Written by Paula Tankard

Headteacher and has worked as a SIP for local schools

Diversity

Diversity is often referred to in terms of ‘people who look different’. However, not all diversity is visible. This think piece is about a different side to diversity, one that is less visible. I believe that more conversations about diversity and inclusion have happened in schools in the past term than ever before – and this is great. People know more about the Equality Act (2010) and are implementing the recommendations. Many educators can name all of the protected characteristics listed in the act. There are nine, and it is against the law to discriminate against someone because of:

Age

Disability

Gender Reassignment

Marriage And Civil Partnership

Pregnancy And Maternity

Race 

Sex

Sexual Orientation

Religion Or Belief

I am a teacher and headteacher and I also happen to be gay. When a protected characteristic is visible you don’t have to include this in your introduction to various stakeholders. However, when your characteristic is invisible there is a disclosure dilemma. 

Disclosure 

When do I say it when I introduce myself ‘Hello I’m the new headteacher and I’m gay’? Clearly not, so how do I do it? Do I rely on staff room gossip to do the job for me? A casual comment to the ‘right’ person at 8:30am could mean that the whole school knows by playtime. Each time I have done it differently so clearly there is no right or wrong way and it is up to each individual to find a way that works for them. For both of my headteacher roles I told the chair of governors first and then we agreed a plan about when and who I would tell. Then I spoke to the leadership team in the first meeting and they mentioned it to others.
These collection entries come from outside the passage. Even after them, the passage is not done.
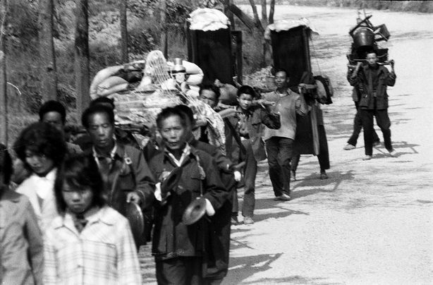 1980年,浙江省泰顺农村抬着嫁妆的迎亲队伍。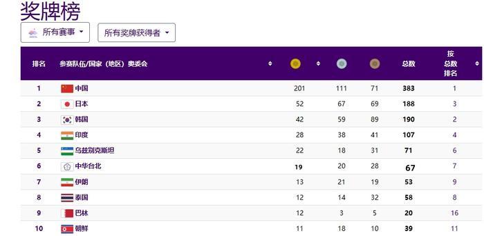 杭州亚运会最终奖牌榜!中国队201金完美收官,最后一金留在中国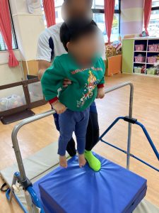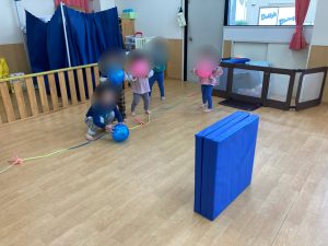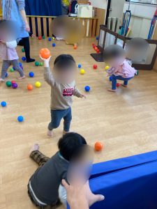ボールで的当て!倒せたら講師の先生が高い高いをしてくれました😆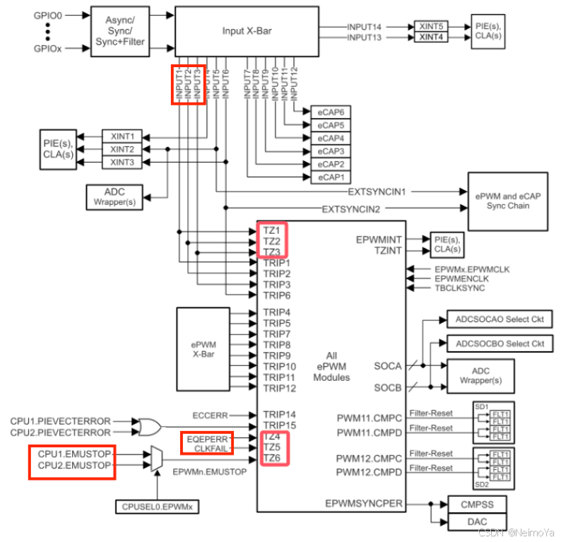 TZ1 to TZ3 are sourced from the GPIO mux. TZ4 is sourced from an inverted EQEPxERR signal on those devices with an EQEP module. TZ5 is connected to the system clock fail logic, and TZ6 is sourced from the EMUSTOP output from the CPU.

Who do I tell? Do I tell staff but not the parents? Should I tell the children? Some might say ‘well it is none of their business’ and to a certain extent I agree. In both of my headteacher roles it has been left up to me who I want to tell and in both cases the staff were told and as there were staff who were parents so most of the parents were aware but the children were not specifically told. I had an open discussion with the chair of governors about this decision, I explained that in an appropriate situation if a child asked that I would not lie and would talk to the child in an age appropriate manner. When I was class based, I worked for heads who put a clear ban on any staff talking about their life outside of school with any of the stakeholders, there was even a ban on personal photographs visible in classrooms. Other heads have said it is up to individual staff what they want to reveal. 
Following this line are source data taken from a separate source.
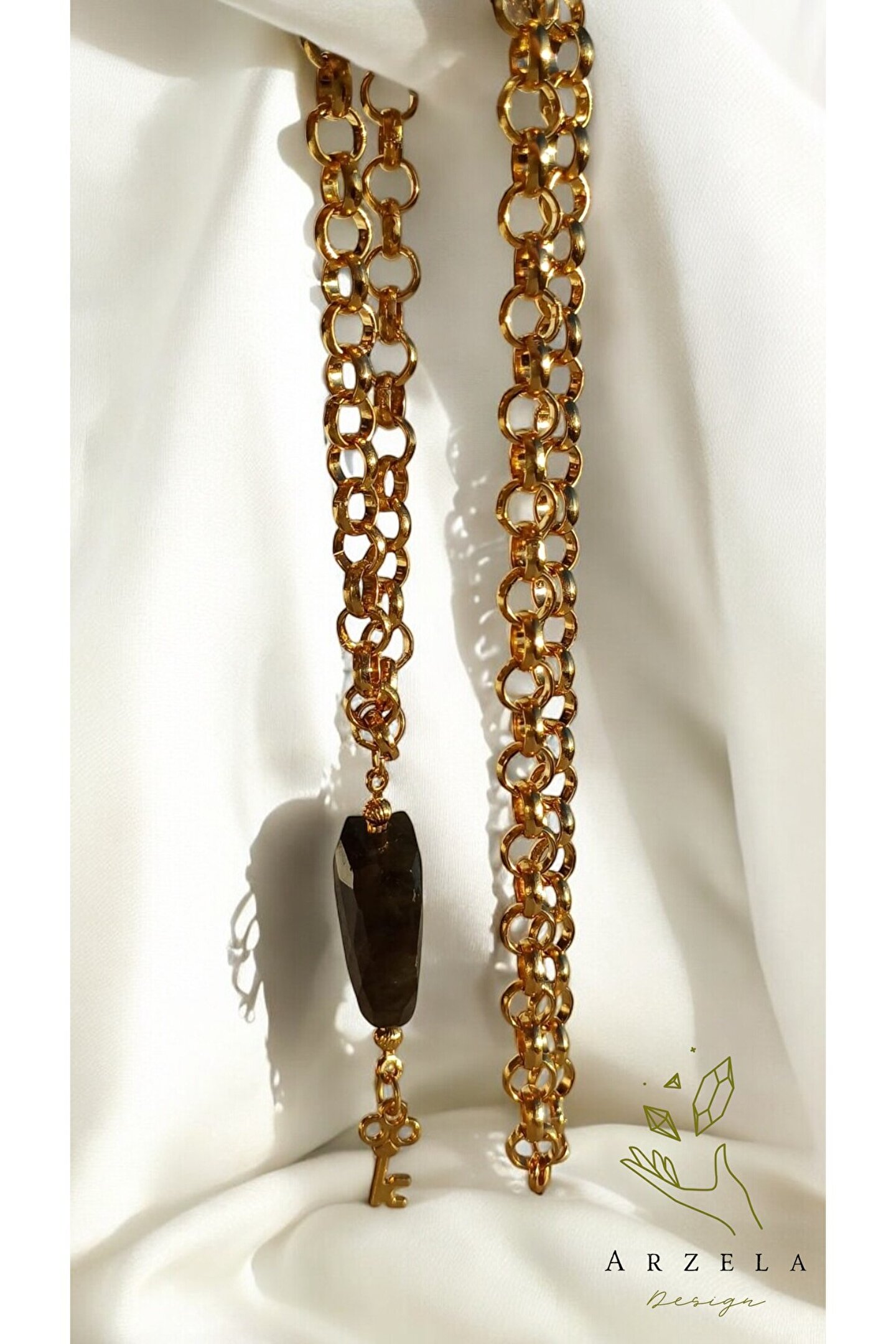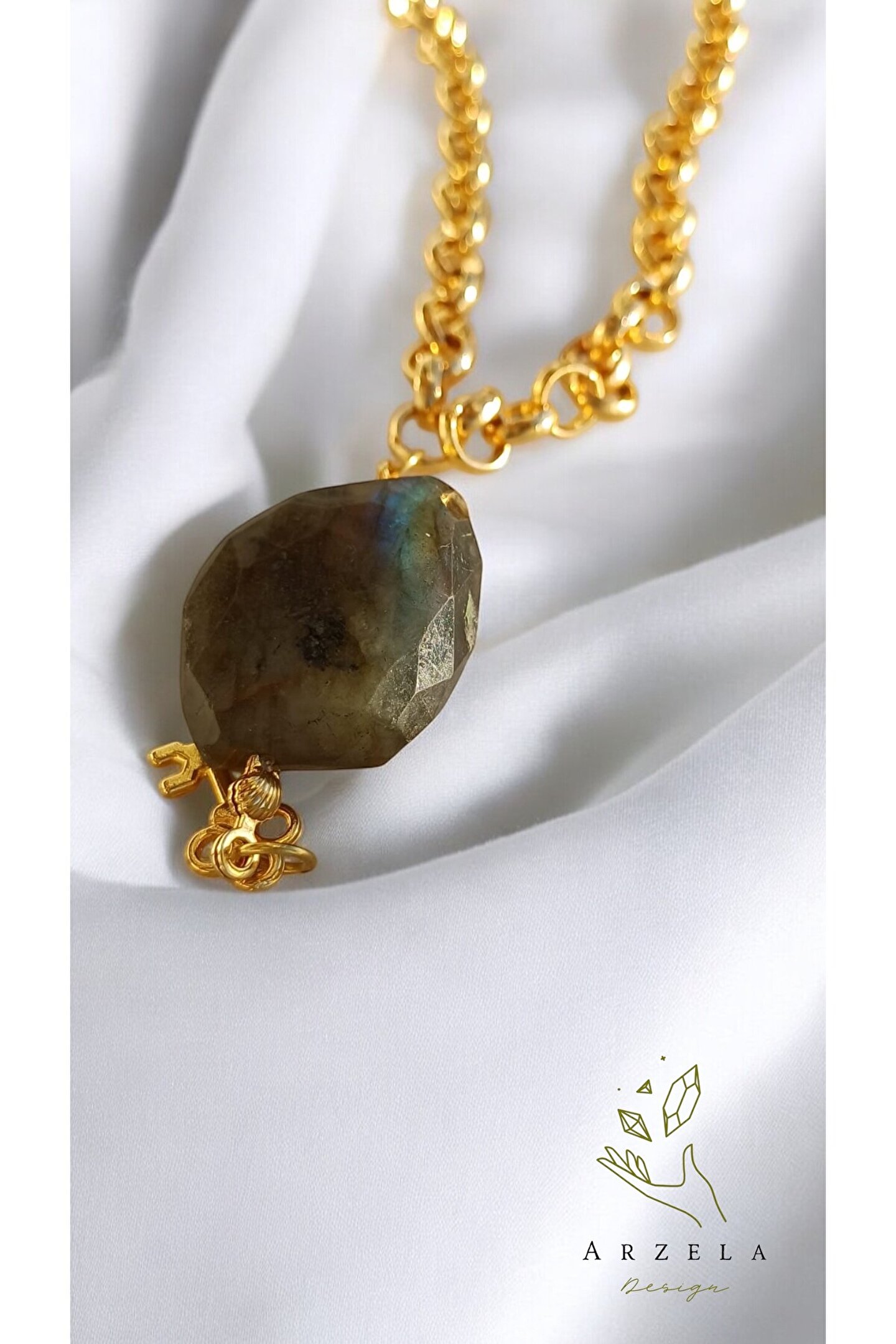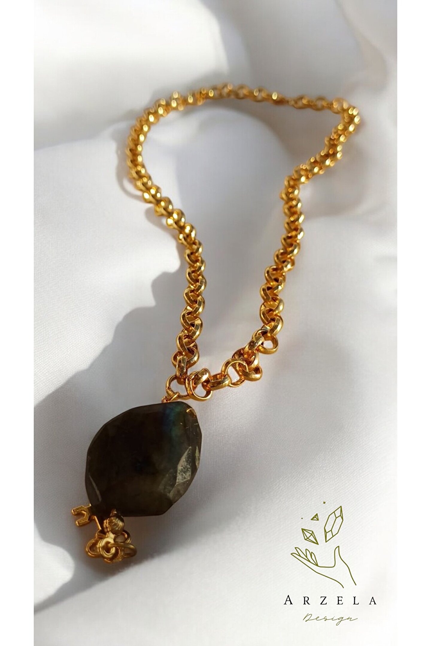 LABRODİT taşı, sadece kendine olan özgüveni ve inancı desteklemekle kalmaz, bunun yanında evrene olan güveni de destekler ve yüksek bilince erişmeye de yardımcı olur.; Yoğun ve karmaşık zihni sakinleştirir ve olumsuz enerjilerden korur.; Aynı zamanda enerji verir ya da mevcut olumsuz enerjileri de temizler.; Kişiyi topraklar Spiritüel yanınızı açığa çıkarır Zincir altın kaplamadır Kimyasala temas ettirmeyiniz Ürün kutu içerisinde gönderilecektir Aparatlarda kucuk farklılıklar olabilir Taslar doğal kesim olduğu için ufak sekil farklılığı olabilir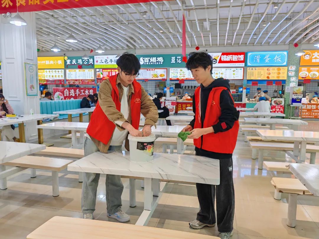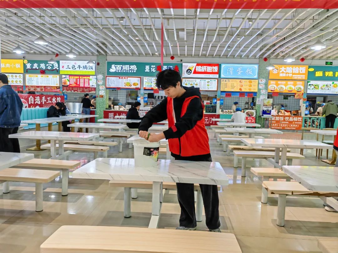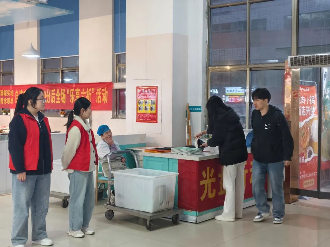 活动当天,志愿者们分工协作,深入餐厅各个角落。志愿者走进后厨,在专业厨师的指导下,学习食材清洗、切配和烹饪技巧,了解食品安全标准,参与厨房清洁和剩饭剩菜处理工作,亲身体验食堂工作人员的辛勤付出。通过悬挂醒目的横幅、张贴生动的海报,向过往同学宣传节约粮食的重要性并邀请同学们在横幅上签名承诺参与“光盘行动”,为积极参与的同学发放环保袋、笔记本等小礼品。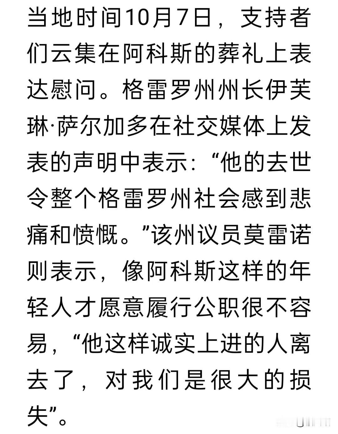 墨西哥一市长上任六天就遭斩首。媒体对他评价还是不错的:说他平时表现诚实上进,他的离去是一大损失。 格雷罗州共有6名政客遇害,暴力行为让很多有志于公职的人对该州“敬而远之”。 反观我们国内,前段时间湖南财政厅女厅长也被歹徒惨遭杀害,已发的讣告中也高度评价了这位女厅长。 总之,在这个社会好人难当,清官更难当,不是吗?

Early in my teaching career I was specifically told by the deputy head that I could not reveal my sexuality to any pupils or parents from the school. This was said because ‘Parents would not want me to be in the classroom when children are changing for PE, as I would see girls in their underwear.’ I did question if they thought being a lesbian was the same as being a paedophile, although this question wasn’t answered and I received an apology, it had still been said. The lasting effect of this statement was a reluctance for me to tell anybody at work who I am. 

Invisibility

There are many characteristics that are clearly visible, some that are sometimes visible and some that are completely invisible. So if you have one of the invisible characteristics you have to tell people for them to know. 
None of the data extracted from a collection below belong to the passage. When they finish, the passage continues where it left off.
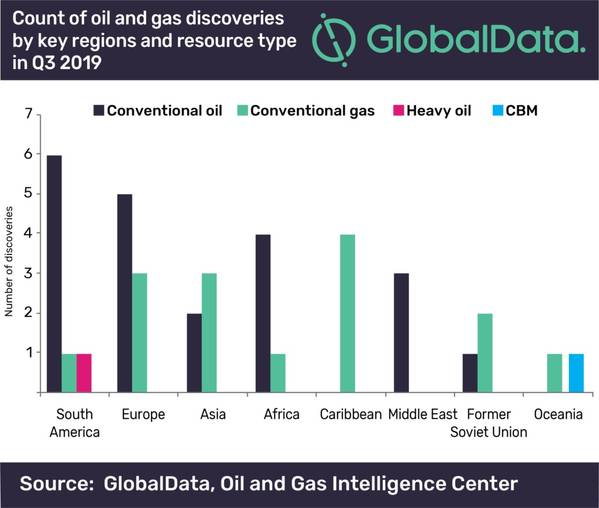 GlobalData revealed that a total of 38 oil and gas discoveries were made globally in Q3 2019.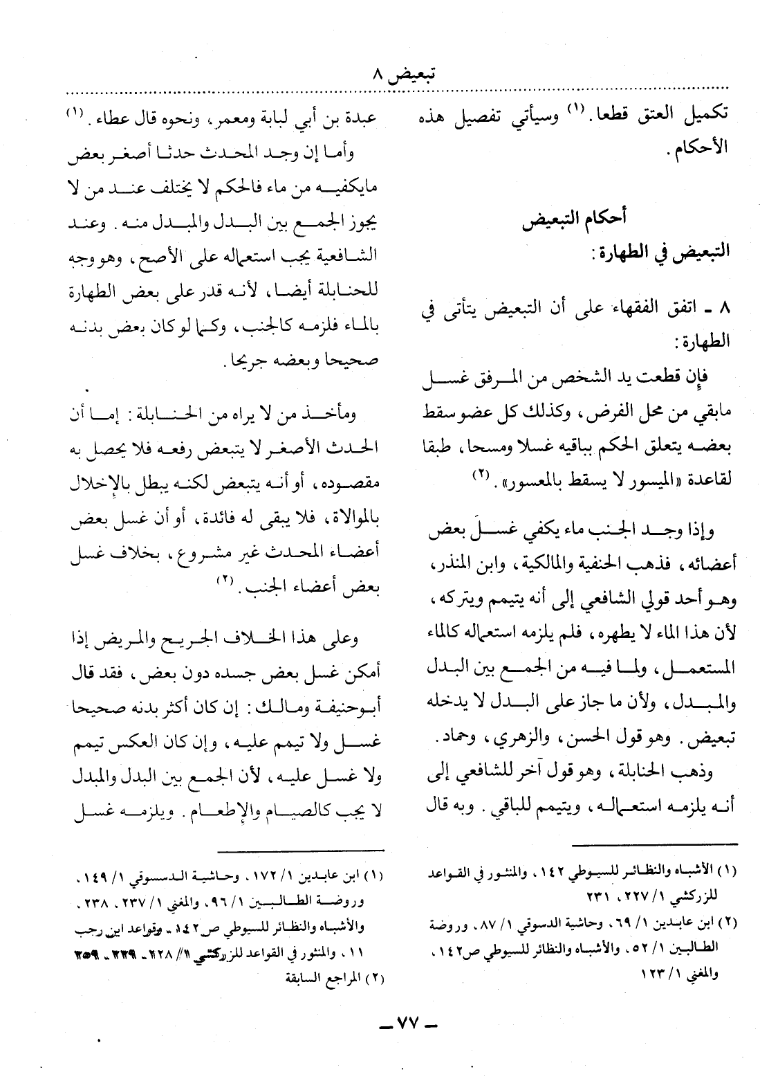 (1) ابن عابدين 1 / 172 وحاشية الدسوقي 1 / 149، وروضة الطالبين 1 / 96، والمغني 1 / 237، 238، والأشباه والنظائر للسيوطي ص 142. وقواعد ابن رجب 11، والمنثور في القواعد للزركشي 1 / 228، 229، 259.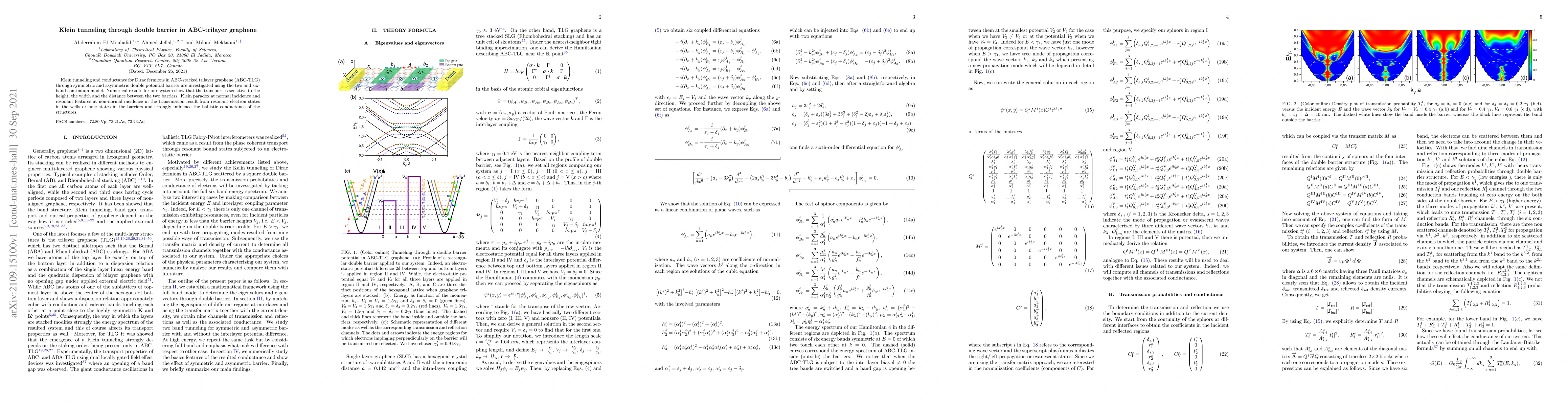 This study investigates Klein tunneling in ABC-stacked trilayer graphene through symmetric and asymmetric double barriers using a two and six-band continuum model. The results reveal that transport properties are significantly influenced by the barrier's height, width, and distance, with Klein paradox and resonant features affecting ballistic conductance.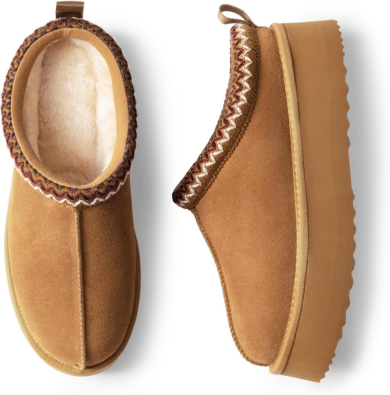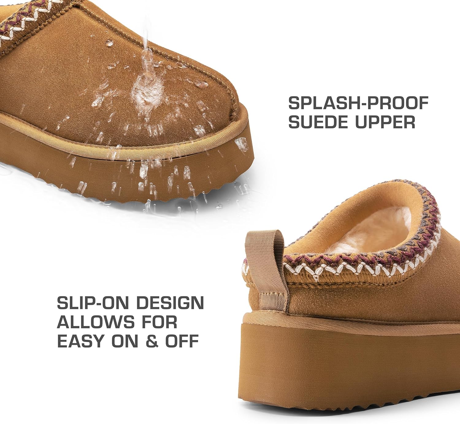 DREAM PAIRS Women’s Slippers for Women Genuine Suede Platform Cozy FuzzyEasy Women’s Platform Slip-on Slippers Winter Fluffy Warm Comfy Furry Shoes for Outdoor Indoor House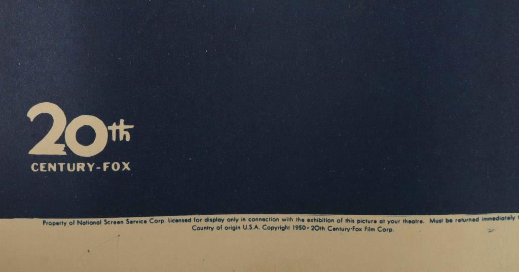 Poster mounted on canvas circa 1950. Reads 'When Tomahawk and Carbine Split the West Asunder...James Stewart in Broken Arrow, color by Technicolor'. Some damage to edges on original poster. Overall measures 23 3/8"l x 37 1/2"w.

It has been my experience that leaders and governors have no clear plan on how to manage this. They have perhaps not thought through who and when staff should reveal their invisible protected characteristics to, and are somewhat hesitant to speak to staff about it. This may be because of the fear of offending somebody and being accused of homophobia and I understand that. I would have preferred to have been asked about it before I started work so that we were all clear. 

It would have prevented a very awkward situation for me. Before I moved into leadership I taught Year 6, during a PHSE lesson I was asked if I had got married in the holidays, to which I replied yes. The child then asked me was it to a man, or a woman? I was flummoxed. Not by the answer but by – what am I allowed to say? If this has been discussed before it would have prevented my jumbled answer of yes and then me having to go and see the head to explain that I had just ‘outed’ myself to my class. 

What now?

I have listened to various facilitators and trainers talk to school staff and leadership teams to say ‘You need to have people who look differently on your SLT, staff or governing body’. 

‘You need visible role models for the children in the school from Black, Asian and Minority Ethnic communities’. I do not disagree, and have said the same thing myself. However, I wonder if the focus on ‘look’ means that other protected characteristics are overshadowed? 

So I ask that when you discuss diversity in school, during assemblies, staff meetings and governor meetings, please talk about people who are different not just about those who look different. Make sure you include all protected characteristics in your presentation and discussion. 

As leaders have a plan to support staff with invisible protected characteristics. Talk to them, guide them with their inevitable disclosure dilemmas and support their decisions.